# whats your favorite thanksgiving day desert?



## Remodeling Maidiac (Nov 24, 2011)

I'm gonna have to go with the girls as I'm usually too full to actually eat desert.


----------



## Cowman (Nov 24, 2011)

Grampa Murked U said:


> I'm gonna have to go with the girls as I'm usually too full to actually eat desert.



So what... you just sit and masturbate then?


----------



## Remodeling Maidiac (Nov 24, 2011)

Cowman said:


> Grampa Murked U said:
> 
> 
> > I'm gonna have to go with the girls as I'm usually too full to actually eat desert.
> ...



So what... you are unable to appreciate the beauty of the opposite sex? 

Lame


----------



## Cowman (Nov 24, 2011)

Grampa Murked U said:


> Cowman said:
> 
> 
> > Grampa Murked U said:
> ...



Of course I do. I don't call them dessert though. That implies a lot more creepiness.


----------



## Remodeling Maidiac (Nov 24, 2011)

Cowman said:


> Grampa Murked U said:
> 
> 
> > Cowman said:
> ...



The only thing creepy in this thread is where YOUR MIND went with your first post. Get some decency jerk.


----------



## Cowman (Nov 24, 2011)

Grampa Murked U said:


> Cowman said:
> 
> 
> > Grampa Murked U said:
> ...



Oh please... you lumped "girls" as you called them along with actual thanksgiving desserts that you would eat.


----------



## Remodeling Maidiac (Nov 24, 2011)

Cowman said:


> Grampa Murked U said:
> 
> 
> > Cowman said:
> ...



Life must be a real bitch when your unable to read between the lines and assume everything is what it seems by its appearance. 

This was intended to be a light hearted holiday thread amid all the threads full of insults and only the lowest of the low could turn it into a disgusting display of immaturity. Grow the fuck up.


----------



## Remodeling Maidiac (Nov 24, 2011)

Not to mention I clearly stated I DONT EAT DESERT


----------



## Sarah G (Nov 24, 2011)

I must say, I had some room left for a slice of pumpkin pie after dinner this year.  Food was good, company was wonderful and the Lions game..  We won't talk about that.

I voted for pecan pie though.  That is really my fav.


----------



## Remodeling Maidiac (Nov 24, 2011)

Sarah G said:


> I must say, I had some room left for a slice of pumpkin pie after dinner this year.  Food was good, company was wonderful and the Lions game..  We won't talk about that.
> 
> I voted for pecan pie though.  That is really my fav.

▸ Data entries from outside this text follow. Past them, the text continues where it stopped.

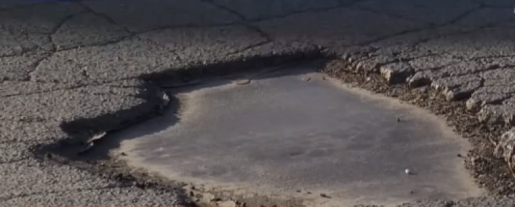 По всему пути выбоины. До самой металлической конструкции. Машинам приходится рискованно лавировать и объезжать препятствия.
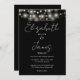 This black and white string lights elegant script wedding invitation can be personalized with your information in chic typography with your wedding website details and your QR code on the reverse. Designed by Thisisnotme©
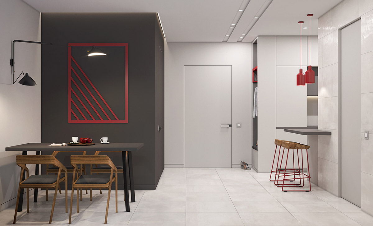 在用餐家具和固定裝置上添加,一塊紅色的藝術(shù)墻可以真正地與木炭墻壁相映成趣。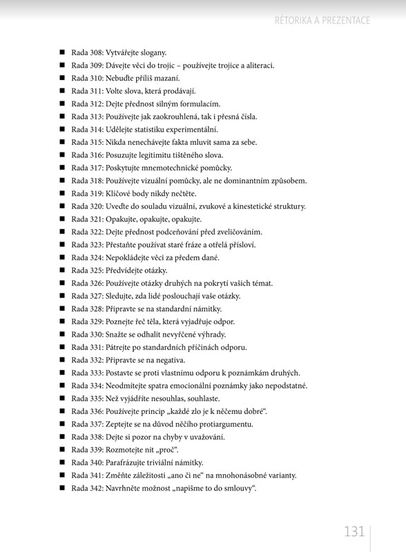 Titul je určen pro ty, pro které je vysvětlování a přesvědčování denním chlebem – obchodníky, ale také manažery, učitele, politiky ad. Nabídne jim ucelený kurz, jehož úkolem je vylepšit vystupování, mluvu, ale především argumentaci. Projde nejčastější námitky a poradí, jak se na ně co nejlépe připravit a jak je v praxi zvládnout.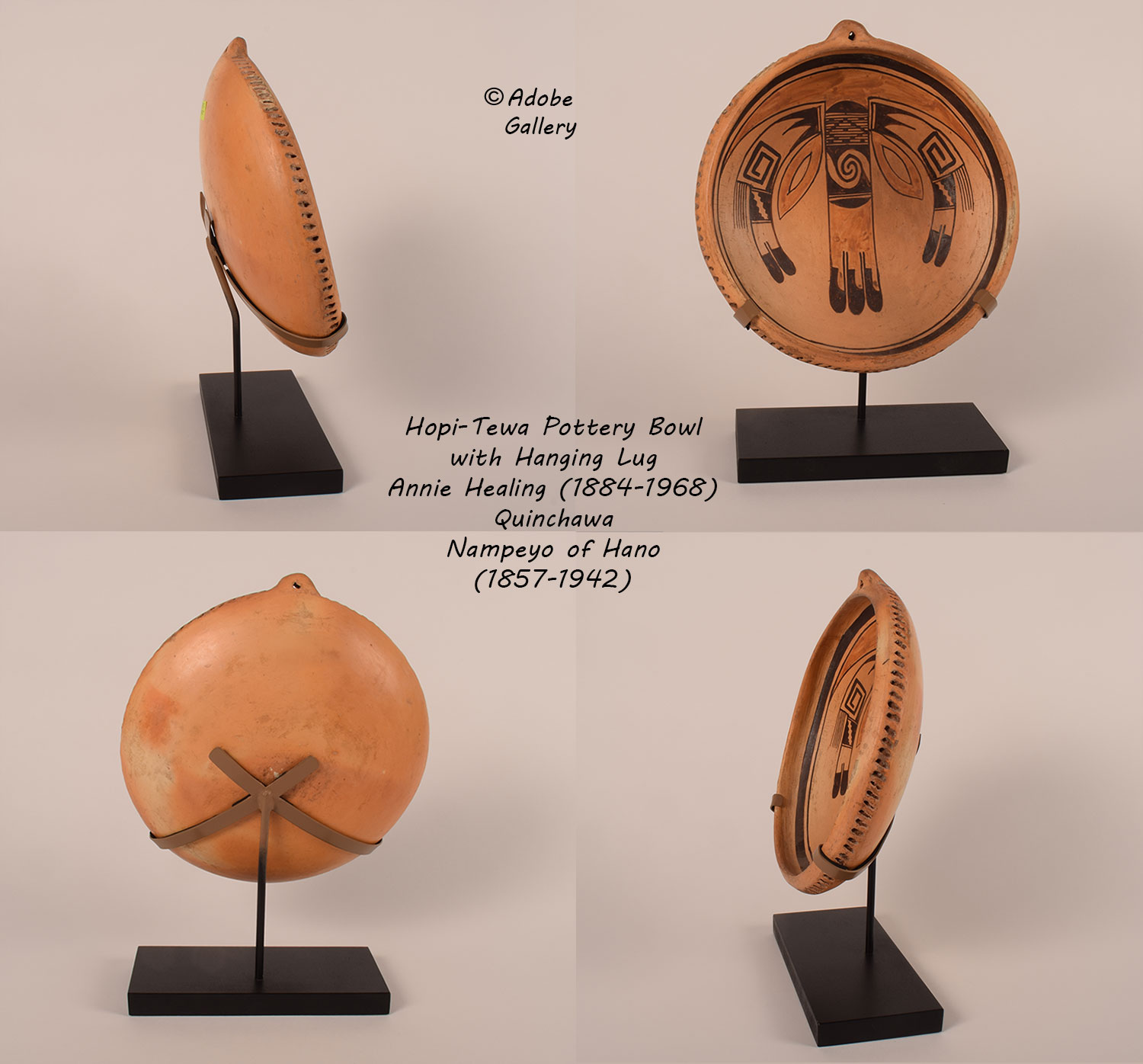 Provenance: this Nampeyo and Annie Hopi-Tewa Pottery Bowl with Hanging Lug was from a gentleman from New Mexico and then from a private Arizona collection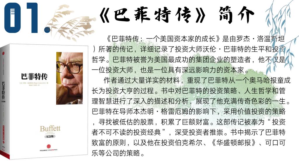 首先,我被巴菲特对价值投资的执着追求所深深打动。他坚信,投资的本质在于寻找并持有那些被市场低估的优质企业,而非盲目追逐市场热点或短期利润。这种长期主义的投资理念,让我意识到,在纷扰复杂的市场中保持清醒的头脑和坚定的信念是多么重要。它教会我,在投资乃至人生的道路上,要有耐心,有远见,不为眼前的利益所迷惑,始终坚守自己的原则和信念才能走向成功。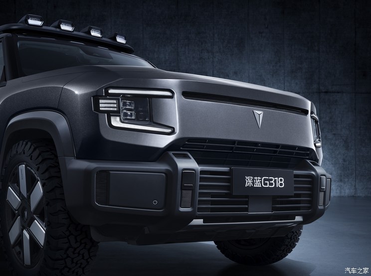 外观方面,该车拥有方正的轮廓,清晰立体的线条造型,营造出典型的硬朗形象。具体来看,深蓝G318非常强调金属多边形的切削,整体设计上呈现出与传统硬派车型完全不同的科技硬派观感。同时,造型别致的大灯组,配备中央封闭式前格栅,让这款车看上去十分科幻且时尚。此外,其下包围处疑似拥有充满野性的护板设计。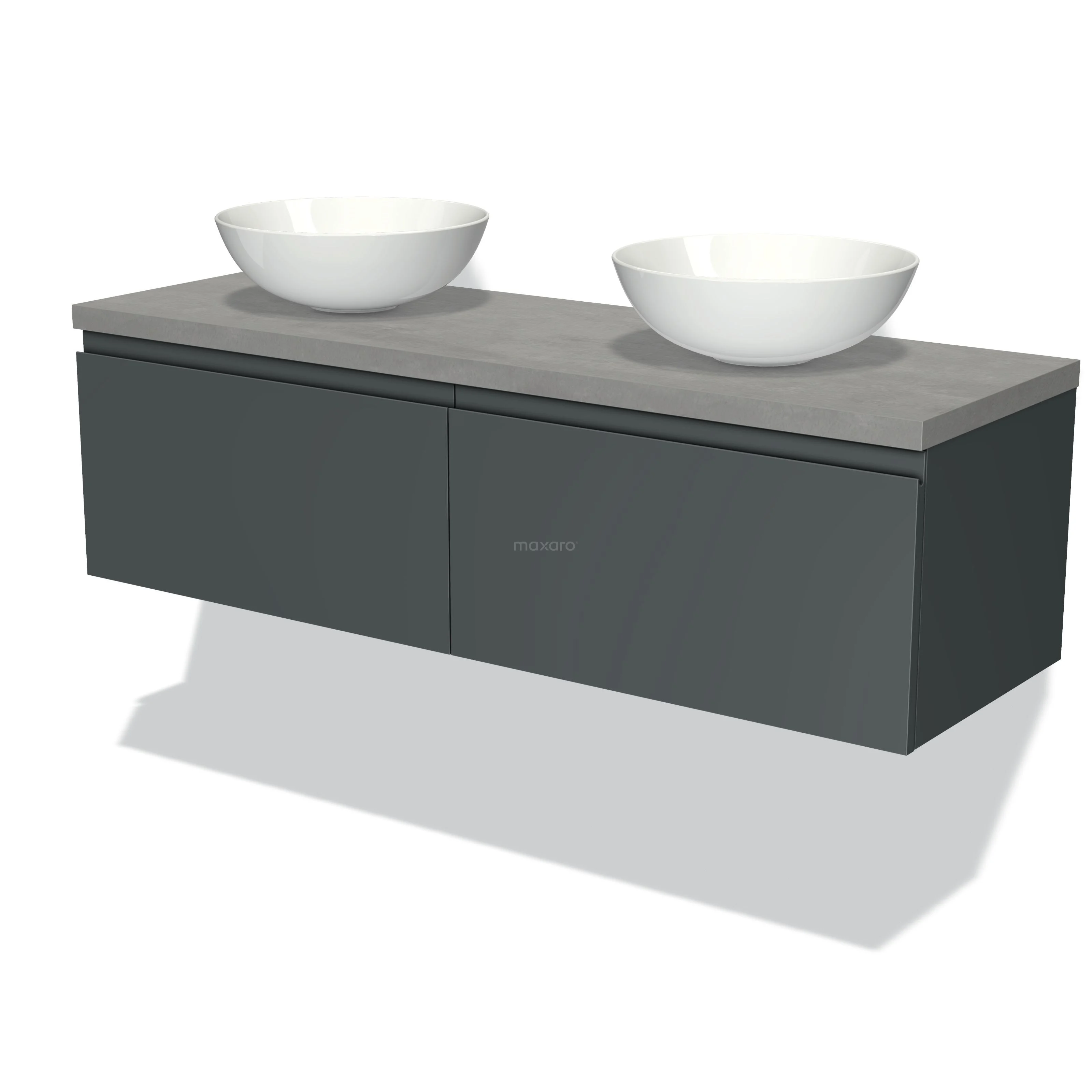 Modulo Plato Badmöbel mit Aufsatzwaschbecken | 140 cm Dunkelgrau Grifflos front Hellgrauer Beton blatt 2 nebeneinanderliegende Schubladen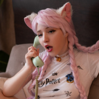 flowing hair and has their legs crossed in a relaxed manner. They are holding an old-fashioned rotary telephone to their ear, suggesting they may be engaged in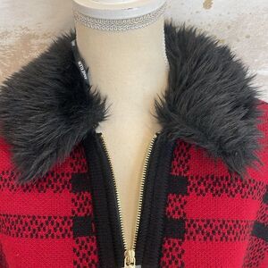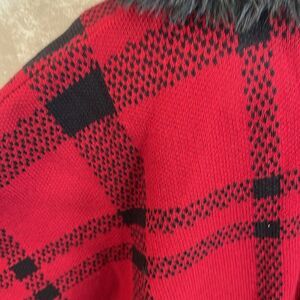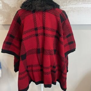 HOST PICK Anne Klein Petite S/M Plaid Zip Front Poncho with Faux-Fur Trim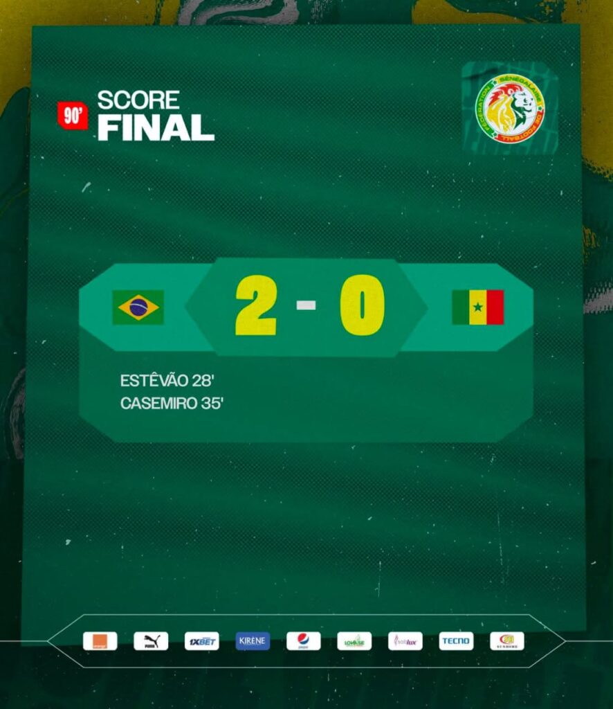 Le Sénégal s’est incliné (0-2) ce samedi face au Brésil, en match amical disputé au stade Émirats de Londres, mettant fin à une impressionnante série de 26 matchs sans défaite. Face à une Seleçao redoutable, menée par un trio offensif explosif Vinicius – Estêvão – Rodrygo, les hommes de Pape Thiaw ont longtemps résisté avant de céder.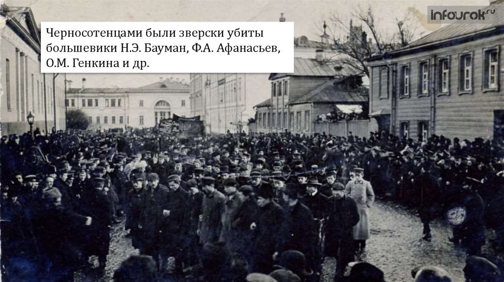 Черносотенцами были зверски убитыбольшевики Н.Э. Бауман, Ф.А. Афанасьев,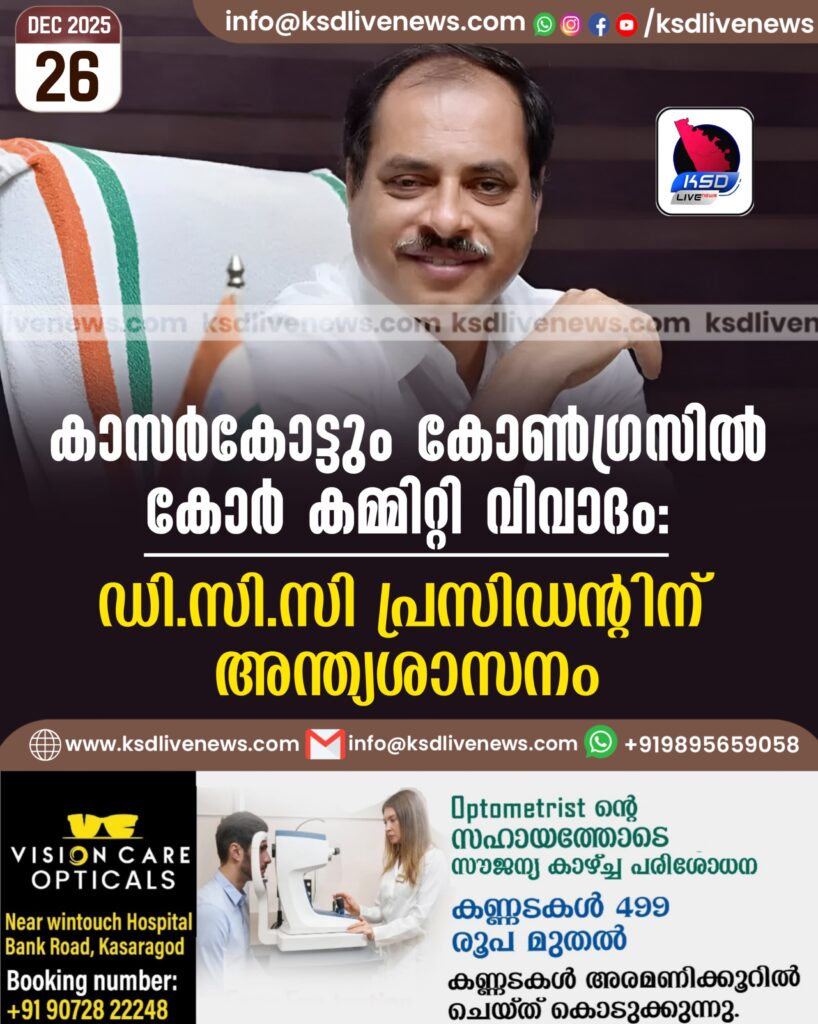 കാസർകോട്ടും കോൺഗ്രസിൽ കോർ കമ്മിറ്റി വിവാദം: ഡി.സി.സി പ്രസിഡൻറിന് അന്ത്യശാസനം

They looked just like my Chiefs do every week. It's depressing


----------



## Big Black Dog (Nov 24, 2011)

Pumpkin pie served by naked Dallas Cowboy Cheerleaders.


----------



## Sherry (Nov 24, 2011)

Fondue


----------



## Sarah G (Nov 24, 2011)

Grampa Murked U said:


> Sarah G said:
> 
> 
> > I must say, I had some room left for a slice of pumpkin pie after dinner this year.  Food was good, company was wonderful and the Lions game..  We won't talk about that.
> ...



Yeah, it's depressing.  I guess we'll just have to stuff our faces some more.


----------



## WillowTree (Nov 24, 2011)

burp!


----------



## Cowman (Nov 24, 2011)

Sarah G said:


> I must say, I had some room left for a slice of pumpkin pie after dinner this year.  Food was good, company was wonderful and the Lions game..  We won't talk about that.
> 
> I voted for pecan pie though.  That is really my fav.



Pecan pie definitely.

I think that's because I rarely ever have it... I enjoy the sickly sweetness.

Pumpkin pie is just... so boring to me now, having it time and time again every year.


----------



## Sherry (Nov 24, 2011)

In a little bit I'll be having some cookie and cream pie.


----------



## Sarah G (Nov 24, 2011)

Cowman said:


> Sarah G said:
> 
> 
> > I must say, I had some room left for a slice of pumpkin pie after dinner this year.  Food was good, company was wonderful and the Lions game..  We won't talk about that.
> ...



Before Thanksgiving I bought some pumpkin cream mousse from IGA that was so good.  I do like pumpkin but pecan has more pazzaz.  Yum.


----------



## JWBooth (Nov 24, 2011)

Pecan


----------



## Vaard (Nov 28, 2011)

i made red velvet brownies with a cheesecake top layer........


----------



## Ringel05 (Nov 28, 2011)

Cowman said:


> Grampa Murked U said:
> 
> 
> > Cowman said:
> ...



So, what are you?  A monk?  Gay?  Or simply a card carrying member of the Analists Society for the Subjugation (of humor), *ASS*

Bon appetit!


----------



## Cowman (Nov 28, 2011)

Ringel05 said:


> Cowman said:
> 
> 
> > Grampa Murked U said:
> ...



Aren't you a clever one. Piece that together yourself, big boy?


----------